Social Justice lecture features expert on sexual violence in the military

'Women in the military are more likely to be diagnosed with post-traumatic stress disorder because of rape by another service member than by combat.' – Professor Elizabeth L. Hillman

Elizabeth L. Hillman
Professor Hillman is provost and academic dean at UC Hastings College of Law.

Professor Elizabeth L. Hillman, a scholar and expert on sexual violence in the military, will speak Thursday, November 6, at UC Santa Cruz as part of the UC Hastings / UC Santa Cruz Social Justice Speakers Series (#UCsjss).

Her lecture, "Sworn to Protect: Sexual Assault in the Military," will begin at 7 p.m. at the Music Recital Hall on the UC Santa Cruz campus. The public is invited. The $5 admission includes parking. Tickets may be obtained at http://3plus3.ucsc.edu/sjss. A limited number of free student tickets are available at the UC Santa Cruz ticket office.

“Women in the military are more likely to be diagnosed with post-traumatic stress disorder because of rape by another service member than by combat,” says Hillman, provost and academic dean at UC Hastings College of Law. She has testified before Congress and the U.S. Commission on Civil Rights, and is assisting lawmakers drafting bills proposing significant changes in military justice.

Few legal issues have sustained the political attention and cultural currency of sexual assault in the U.S. armed forces, Hillman says. Her presentation will address controversies that have erupted over the problem itself, which is often misunderstood; best practices and prospects for improving response systems to reports of sexual assault in both civilian and military arenas; and the unique nature of the American military justice system, which has been changed more in response to sexual assault than to any other crime, social problem, or disciplinary challenge since World War II.

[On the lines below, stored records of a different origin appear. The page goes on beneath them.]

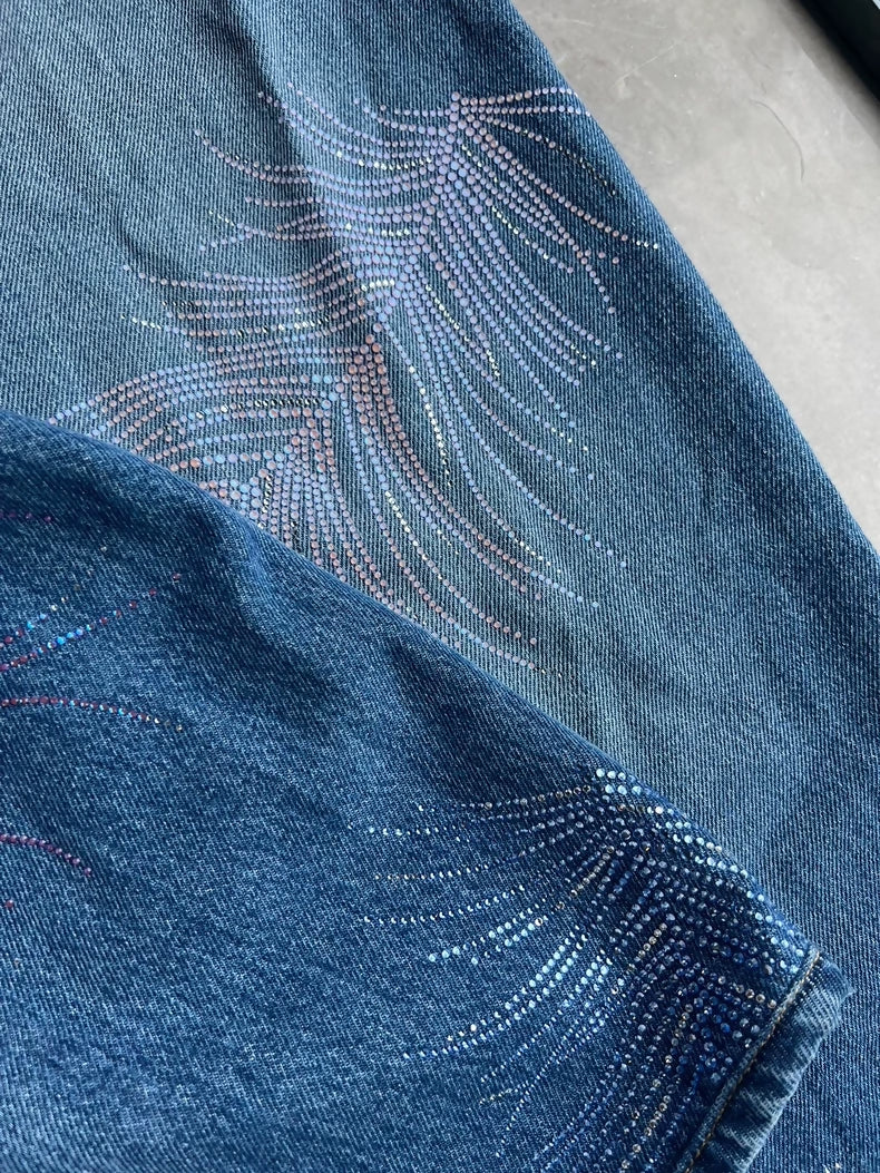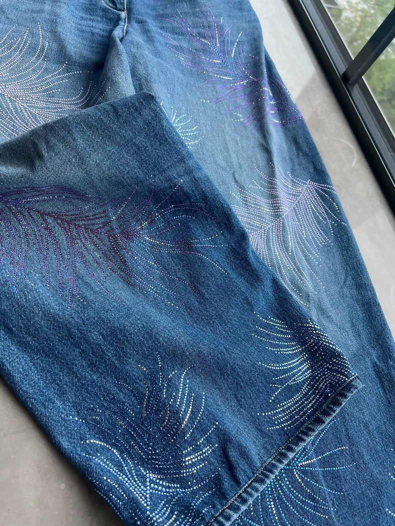 These spectacular Chanel 25S wide-leg pants command attention with their lavish embellishment of full rhinestones and feathers. Originally size 38, they have been expertly tailored to a waist of 67–68cm and length of 95cm for a refined fit. The dramatic embellishments create an unforgettable silhouette perfect for evening wear and special occasions. Pair with a simple top to let the pants shine, or layer under a structured jacket for bold sophistication. A show-stopping investment piece that celebrates Chanel's fearless artistry and uncompromising craftsmanship.
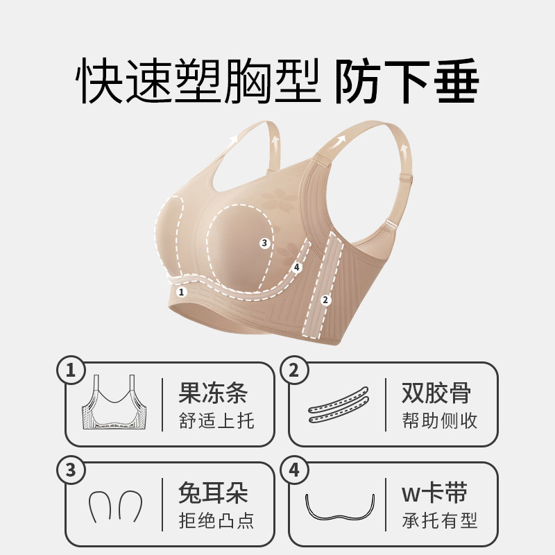 润微提拉女王内衣女大胸显小无痕大码调整防下垂收副乳粉底液文胸
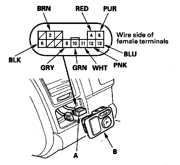 2. Disconnect the 13P connector (A) from the power mirror switch (B).
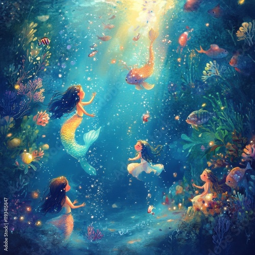 fish, ocean, underwater, sea, coral, bubble, girl, magic, fantasy, aquatic, marin, life, water, scene, painting, illustration, art, colourful, vibrant, beauty, serene, peaceful, mystical, dreamlike, enchanting, playful, joyful, light, glow, sparkle, shimmer, goldfish, seaweed, plant, reef, kelp, creature, deep, dark, bright, happiness, wonder, aethereal, glowing
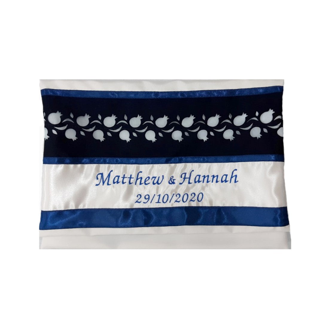 Blue Pomegranates Tallit Bag, Bar Mitzvah Tallit Bag, Personalized Tallit Bag
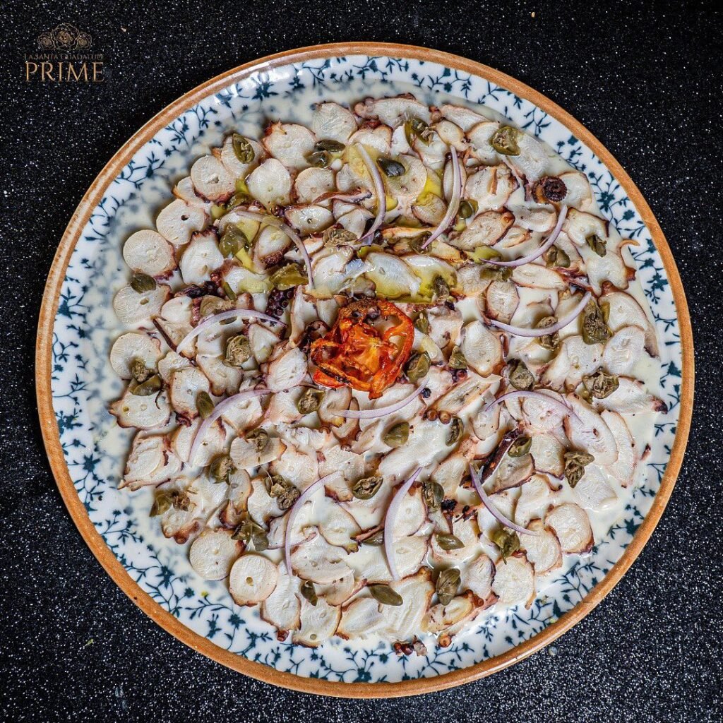 Mientras escucha un mariachi en vivo, disfrute de un menú degustación de cuatro pasos, que empieza con un carpaccio de pulpo mexicano con aceite de oliva, vinagreta de alcaparras y chiles secos. Luego, pruebe un rib eye en aguachile negro, ligeramente picante y acompañado de aguacate hass, pepino europeo y cebolla morada.
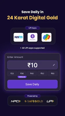Digital Gold Savings: You can Save Money automatically in Digital Gold on a Daily, Weekly and Monthly basis. With the Round Off feature, you can Save your Spare Changes every time you purchase something.
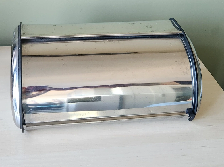 Silver-toned breadbox. Sliding lid. Features a stainless steel body and black accents. Shows minor signs of wear.
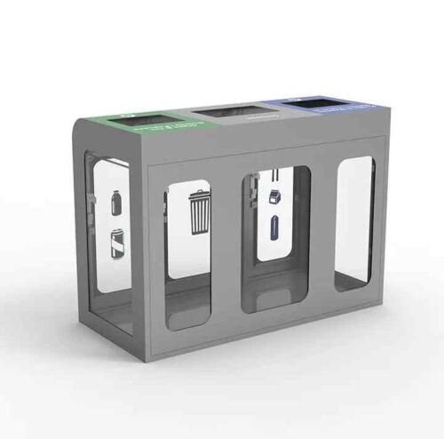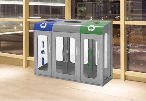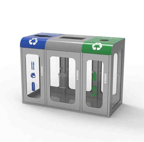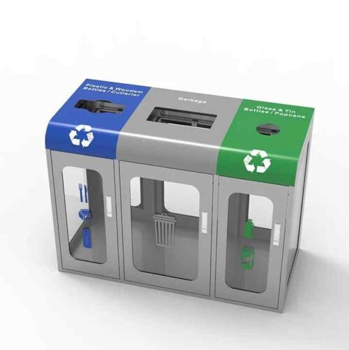 This large-capacity 3-bin waste station features a sturdy galvanized steel frame and clear panels for full visibilityโideal for security-conscious public spaces. Each compartment is clearly marked for easy sorting of recyclables and general waste, making it perfect for airports, stadiums, schools, and commercial facilities. The transparent design not only enhances safety but also promotes responsible disposal with a modern, professional look.
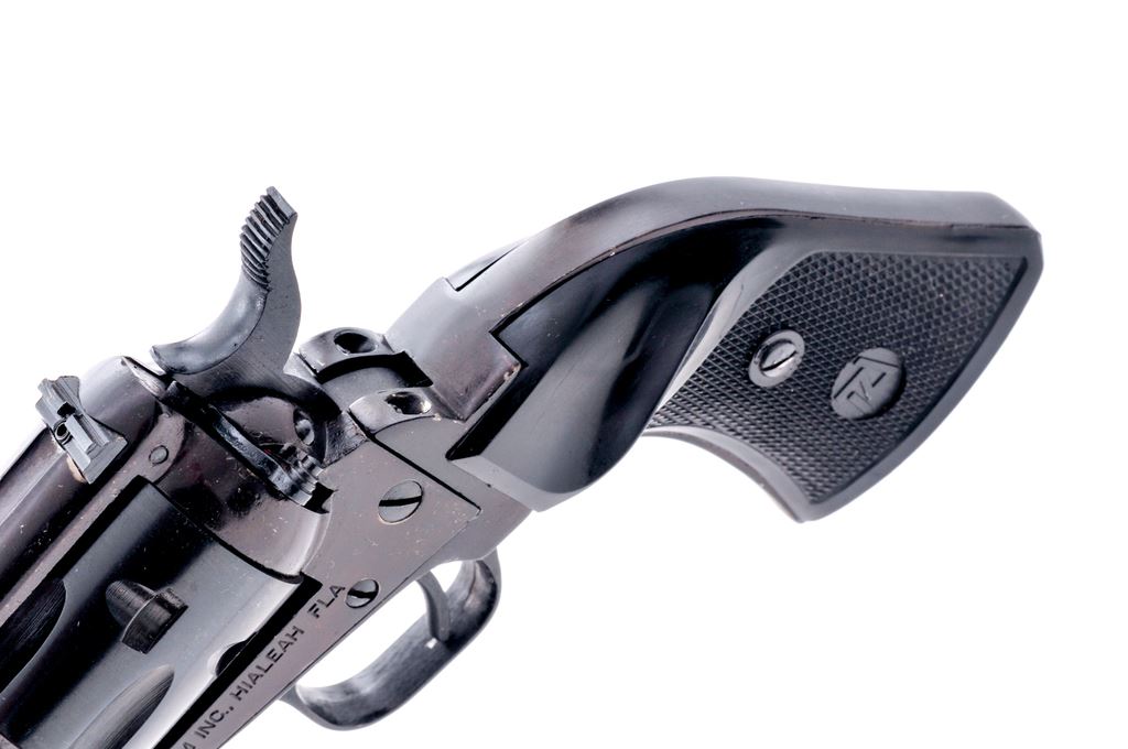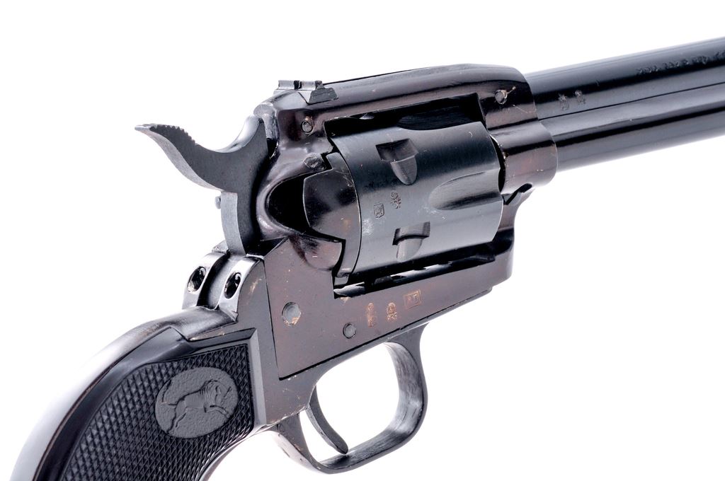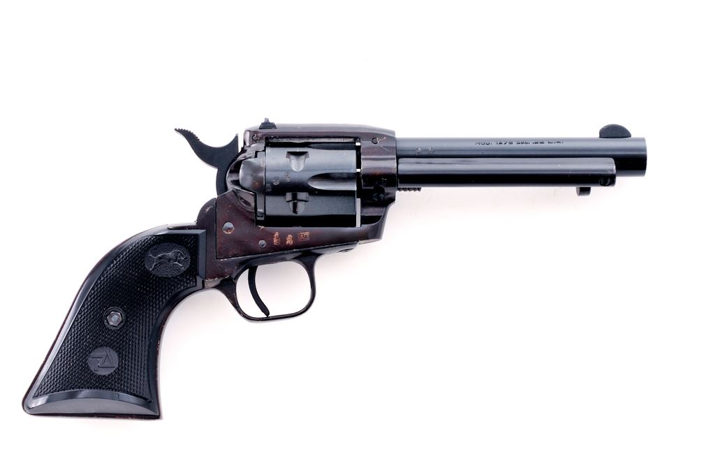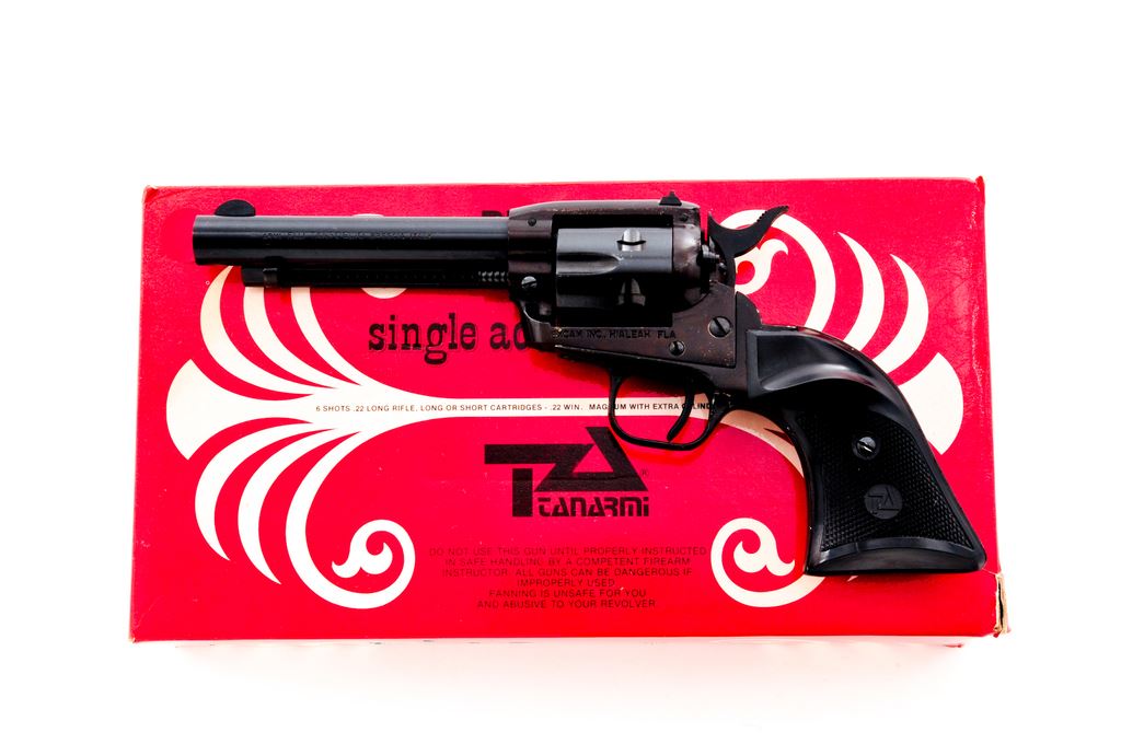 Tanfoglio Model TA76 ''Buffalo Scout'' Single Action Revolver, #A15032, .22 LR cal., 4.75'' barrel, blue finish, factory checkered black plastic grips, with standard fixed sights. In original box with matching end label and owner's manual. Condition is near excellent showing some very light edgewear. Grips with a few slight handling marks to the flat borders; checkering is sharp. A portion of the cylinder with only an extremely faint index line, appearing to have been fired very little or possibly unfired. Bore is excellent with nice rifling. Est.: $125-$250. (Modern/PPT)

Some of the questions she plans to address: "Should commanders control the decision to prosecute? Should each branch of service retain its own investigators, prosecutors, defense counsel, and appellate court? What's the impact of providing legal counsel to victims throughout the criminal justice process? What outcomes demonstrate improvement in preventing a crime that is so rarely reported?  How do the gender demographics of the military affect sexual assault prevalence?"

Last year, the House Armed Services Committee’s ranking minority member appointed Hillman to an independent sexual assault review panel that will recommend policy changes to the U.S. Department of Defense.  She began her scholarship about military sexual assault and civil rights in 2000 as a reporter for a blue-ribbon panel convened on the 50th anniversary of the Uniform Code of Military Justice.
 
In addition to her academic work, Hillman serves as president of the National Institute of Military Justice and as co–legal director of the Palm Center, an independent think tank that sponsored much of the critical empirical research that led to the end of “don’t ask, don’t tell.”

She’s published two books: Military Justice Cases and Materials, with Eugene R. Fidell and Dwight H. Sullivan, and Defending America: Military Culture and the Cold War Court-Martial, and is working on a comparative study for the U.N. Office of the High Commissioner for Human Rights that will identify best practices for handling military sexual assault and harassment by examining what’s done in countries other than the United States.  She’s also studying the military use of drones.

Hillman joined the Air Force ROTC to pay for college. She earned a degree in electrical engineering at Duke University before enlisting in the Air Force where she was a space operations officer and orbital analyst. After seven years, she left the military and became a scholar, earning her law degree as well as a Ph.D. in history, at Yale University.

“In general, our topics find us,” she says about choosing what to research. “I try to keep talking to people—not just scholars but veterans, legal practitioners, judges, community groups, and gay and lesbian groups. It helps me get a sense of what people are concerned about and what we need to work on.”